→ Data provided

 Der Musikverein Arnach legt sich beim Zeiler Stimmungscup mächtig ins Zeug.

==

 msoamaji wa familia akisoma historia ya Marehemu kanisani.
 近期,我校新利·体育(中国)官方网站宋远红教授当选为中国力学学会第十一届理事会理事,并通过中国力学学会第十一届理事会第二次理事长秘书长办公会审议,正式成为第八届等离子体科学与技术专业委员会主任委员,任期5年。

→ Exercise objective
Here the job is to set down exactly the lines of the material above that fall between the one with "msoamaji wa familia" and the one with "近期,我校新利·体育(中国)", inclusive, and nothing beyond them.

→ Reply
 msoamaji wa familia akisoma historia ya Marehemu kanisani.
 近期,我校新利·体育(中国)官方网站宋远红教授当选为中国力学学会第十一届理事会理事,并通过中国力学学会第十一届理事会第二次理事长秘书长办公会审议,正式成为第八届等离子体科学与技术专业委员会主任委员,任期5年。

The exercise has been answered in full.